**Directions**
Your task is to return the data below, word for word.

**Extracted entries**

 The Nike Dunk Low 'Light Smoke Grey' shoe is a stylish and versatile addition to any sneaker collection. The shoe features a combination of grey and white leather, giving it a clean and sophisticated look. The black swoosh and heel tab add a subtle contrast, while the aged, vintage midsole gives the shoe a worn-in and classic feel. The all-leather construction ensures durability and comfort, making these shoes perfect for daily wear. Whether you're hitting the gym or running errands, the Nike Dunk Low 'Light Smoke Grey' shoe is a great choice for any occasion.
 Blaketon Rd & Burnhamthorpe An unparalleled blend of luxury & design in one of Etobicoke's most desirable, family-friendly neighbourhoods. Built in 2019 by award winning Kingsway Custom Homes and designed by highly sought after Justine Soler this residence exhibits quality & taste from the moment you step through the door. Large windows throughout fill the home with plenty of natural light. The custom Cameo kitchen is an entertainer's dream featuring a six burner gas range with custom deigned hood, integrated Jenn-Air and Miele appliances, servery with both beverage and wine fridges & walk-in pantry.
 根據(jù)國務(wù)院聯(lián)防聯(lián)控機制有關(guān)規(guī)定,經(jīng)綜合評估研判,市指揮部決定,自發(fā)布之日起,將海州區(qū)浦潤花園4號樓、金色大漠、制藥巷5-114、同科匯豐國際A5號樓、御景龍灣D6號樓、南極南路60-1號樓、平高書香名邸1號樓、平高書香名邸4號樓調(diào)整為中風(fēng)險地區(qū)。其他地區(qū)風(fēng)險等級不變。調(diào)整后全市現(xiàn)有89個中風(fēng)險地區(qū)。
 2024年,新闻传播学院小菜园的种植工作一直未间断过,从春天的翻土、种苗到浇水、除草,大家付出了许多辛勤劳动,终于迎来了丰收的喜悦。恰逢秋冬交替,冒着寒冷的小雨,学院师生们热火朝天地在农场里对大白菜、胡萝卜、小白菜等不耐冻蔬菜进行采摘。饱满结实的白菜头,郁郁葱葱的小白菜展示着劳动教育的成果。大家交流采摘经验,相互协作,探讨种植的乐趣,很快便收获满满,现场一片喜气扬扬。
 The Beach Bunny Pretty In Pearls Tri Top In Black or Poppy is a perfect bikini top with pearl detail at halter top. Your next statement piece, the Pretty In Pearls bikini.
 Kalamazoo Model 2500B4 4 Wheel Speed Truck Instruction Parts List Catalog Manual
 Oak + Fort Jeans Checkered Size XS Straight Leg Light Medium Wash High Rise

**Solution to this task**
 The Nike Dunk Low 'Light Smoke Grey' shoe is a stylish and versatile addition to any sneaker collection. The shoe features a combination of grey and white leather, giving it a clean and sophisticated look. The black swoosh and heel tab add a subtle contrast, while the aged, vintage midsole gives the shoe a worn-in and classic feel. The all-leather construction ensures durability and comfort, making these shoes perfect for daily wear. Whether you're hitting the gym or running errands, the Nike Dunk Low 'Light Smoke Grey' shoe is a great choice for any occasion.
 Blaketon Rd & Burnhamthorpe An unparalleled blend of luxury & design in one of Etobicoke's most desirable, family-friendly neighbourhoods. Built in 2019 by award winning Kingsway Custom Homes and designed by highly sought after Justine Soler this residence exhibits quality & taste from the moment you step through the door. Large windows throughout fill the home with plenty of natural light. The custom Cameo kitchen is an entertainer's dream featuring a six burner gas range with custom deigned hood, integrated Jenn-Air and Miele appliances, servery with both beverage and wine fridges & walk-in pantry.
 根據(jù)國務(wù)院聯(lián)防聯(lián)控機制有關(guān)規(guī)定,經(jīng)綜合評估研判,市指揮部決定,自發(fā)布之日起,將海州區(qū)浦潤花園4號樓、金色大漠、制藥巷5-114、同科匯豐國際A5號樓、御景龍灣D6號樓、南極南路60-1號樓、平高書香名邸1號樓、平高書香名邸4號樓調(diào)整為中風(fēng)險地區(qū)。其他地區(qū)風(fēng)險等級不變。調(diào)整后全市現(xiàn)有89個中風(fēng)險地區(qū)。
 2024年,新闻传播学院小菜园的种植工作一直未间断过,从春天的翻土、种苗到浇水、除草,大家付出了许多辛勤劳动,终于迎来了丰收的喜悦。恰逢秋冬交替,冒着寒冷的小雨,学院师生们热火朝天地在农场里对大白菜、胡萝卜、小白菜等不耐冻蔬菜进行采摘。饱满结实的白菜头,郁郁葱葱的小白菜展示着劳动教育的成果。大家交流采摘经验,相互协作,探讨种植的乐趣,很快便收获满满,现场一片喜气扬扬。
 The Beach Bunny Pretty In Pearls Tri Top In Black or Poppy is a perfect bikini top with pearl detail at halter top. Your next statement piece, the Pretty In Pearls bikini.
 Kalamazoo Model 2500B4 4 Wheel Speed Truck Instruction Parts List Catalog Manual
 Oak + Fort Jeans Checkered Size XS Straight Leg Light Medium Wash High Rise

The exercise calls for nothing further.